Description: The tropical forests are Earth's largest source of biogenic volatile organic compounds (BVOCs) and thus also the largest atmospheric sink region for the hydroxyl radical (OH). However, the OH sink above tropical forests is poorly understood, as past studies have revealed large unattributed fractions of total OH reactivity. We present the first total OH reactivity and volatile organic compound (VOC) measurements made at the Amazon Tall Tower Observatory (ATTO) at 80, 150, and 320 m above ground level, covering two dry seasons, one wet season, and one transition season in 2018–2019. By considering a wide range of previously unaccounted for VOCs, which we identified by proton transfer reaction time-of-flight mass spectrometry (PTR-ToF-MS), the unattributed fraction was with an overall average of 19 % within the measurement uncertainty of ∼ 35 %. In terms of seasonal average OH reactivity, isoprene accounted for 23 %–43 % of the total and oxygenated VOCs (OVOCs) for 22 %–40 %, while monoterpenes, sesquiterpenes, and green leaf volatiles combined were responsible for 9 %–14 %. These findings show that OVOCs were until now an underestimated contributor to the OH sink above the Amazon forest.
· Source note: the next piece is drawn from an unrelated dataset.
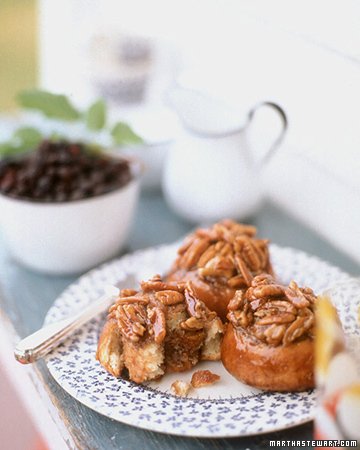 Remove the pans from the oven, and immediately turn buns out onto a second parchment-covered cookie sheet. Replace any pecan halves that fell off buns when turning them out. Place the cookie sheet on a wire rack to cool.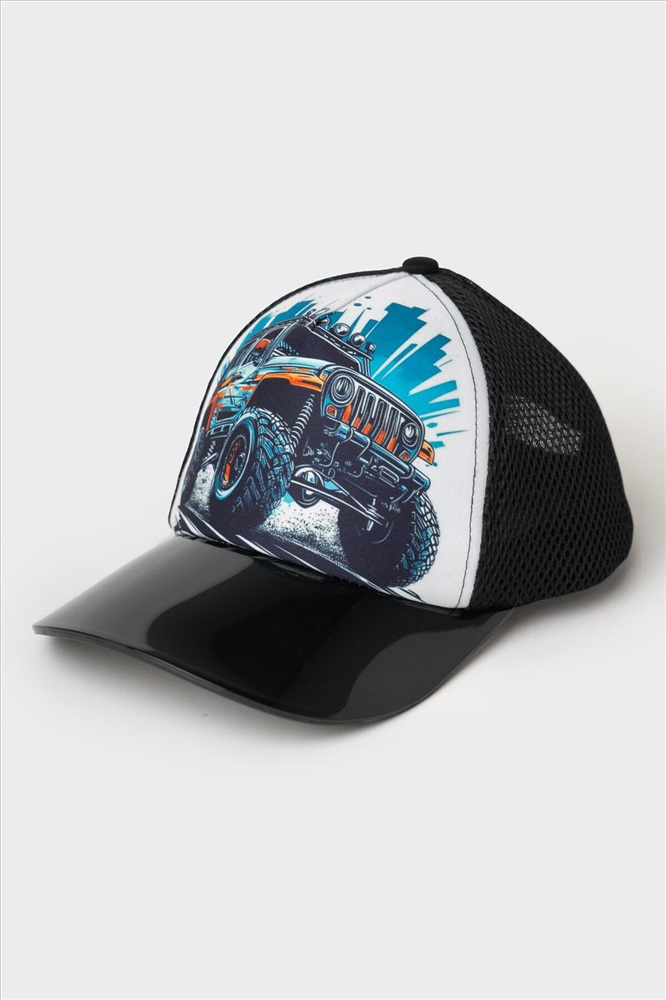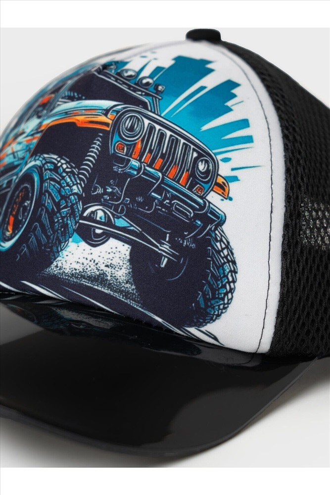 ID товара: 1241069 Состав: 60% хлопок, 40% полиэстер, 100% полиэстер Сезон: Весна/Лето Стильная бейсболка для мальчика подростка. Модель с ярким принтом — спереди изображён внедорожник. Передняя часть выполнена из плотной хлопковой ткани с цветной печатью, а боковые и задние панели — из черной сетки для вентиляции. Жесткий прямой козырек окрашен с градиентом от черного к бирюзовому. Сзади — удобная застежка на липучке для регулировки размера. Комментарии к товару

By day, total OH reactivity decreased towards higher altitudes with strongest vertical gradients observed around noon during the dry season (−0.026 s−1 m−1), while the gradient was inverted at night. Seasonal differences in total OH reactivity were observed, with the lowest daytime average and standard deviation of 19.9 ± 6.2 s−1 during a wet–dry transition season with frequent precipitation; 23.7 ± 6.5 s−1 during the wet season; and the highest average OH reactivities during two dry-season observation periods with 28.1 ± 7.9 s−1 and 29.1 ± 10.8 s−1, respectively. The effects of different environmental parameters on the OH sink were investigated, and quantified, where possible. Precipitation caused short-term spikes in total OH reactivity, which were followed by below-normal OH reactivity for several hours. Biomass burning increased total OH reactivity by 2.7 to 9.5 s−1. We present a temperature-dependent parameterization of OH reactivity that could be applied in future models of the OH sink to further reduce our knowledge gaps in tropical-forest OH chemistry.